• Problem description: Look below for the line with "1 - Localizada"; begin the copy there and stop after the line with "Gak cuma kalori", keeping the text exact and the pictures out.

• Data for this exercise:
--------------------
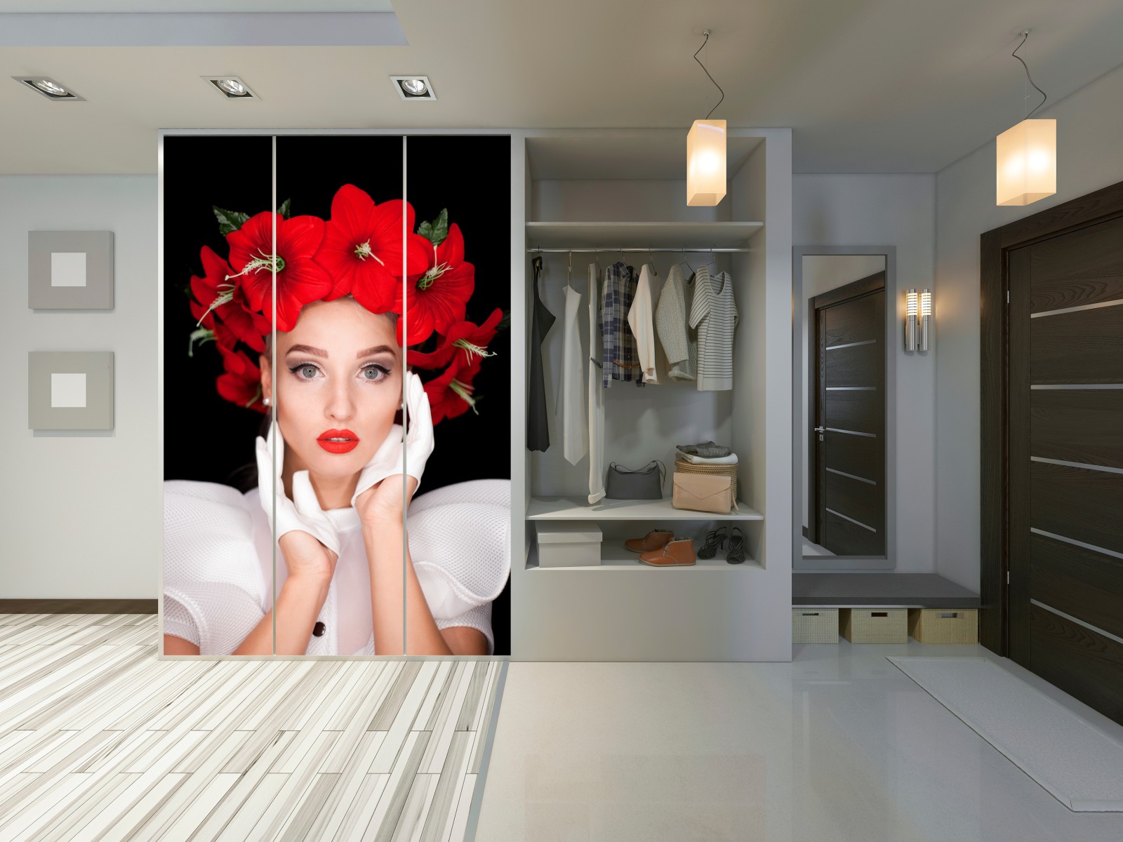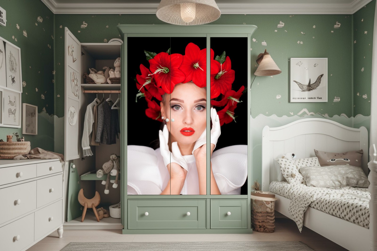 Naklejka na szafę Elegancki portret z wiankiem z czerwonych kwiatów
--------------------
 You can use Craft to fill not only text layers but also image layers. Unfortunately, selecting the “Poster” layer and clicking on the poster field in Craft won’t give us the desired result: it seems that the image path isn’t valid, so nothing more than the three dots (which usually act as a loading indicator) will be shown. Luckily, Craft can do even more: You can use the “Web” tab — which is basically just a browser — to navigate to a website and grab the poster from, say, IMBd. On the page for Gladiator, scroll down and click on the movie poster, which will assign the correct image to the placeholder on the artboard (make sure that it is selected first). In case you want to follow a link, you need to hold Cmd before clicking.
--------------------
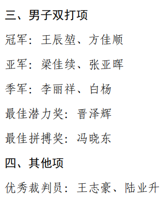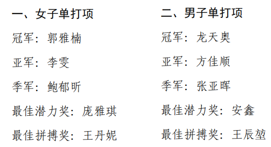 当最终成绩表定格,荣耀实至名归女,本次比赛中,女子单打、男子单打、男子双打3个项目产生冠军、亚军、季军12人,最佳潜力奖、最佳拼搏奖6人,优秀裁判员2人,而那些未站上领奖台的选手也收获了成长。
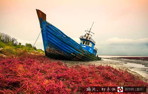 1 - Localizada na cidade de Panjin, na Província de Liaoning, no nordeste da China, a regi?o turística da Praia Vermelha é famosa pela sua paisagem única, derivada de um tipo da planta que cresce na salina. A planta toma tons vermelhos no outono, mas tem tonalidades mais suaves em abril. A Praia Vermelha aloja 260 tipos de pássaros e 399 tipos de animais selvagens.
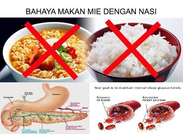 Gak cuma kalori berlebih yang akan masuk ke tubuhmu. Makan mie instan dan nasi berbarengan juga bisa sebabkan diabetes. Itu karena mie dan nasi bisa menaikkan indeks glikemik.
--------------------
• Task output:
 1 - Localizada na cidade de Panjin, na Província de Liaoning, no nordeste da China, a regi?o turística da Praia Vermelha é famosa pela sua paisagem única, derivada de um tipo da planta que cresce na salina. A planta toma tons vermelhos no outono, mas tem tonalidades mais suaves em abril. A Praia Vermelha aloja 260 tipos de pássaros e 399 tipos de animais selvagens.
 Gak cuma kalori berlebih yang akan masuk ke tubuhmu. Makan mie instan dan nasi berbarengan juga bisa sebabkan diabetes. Itu karena mie dan nasi bisa menaikkan indeks glikemik.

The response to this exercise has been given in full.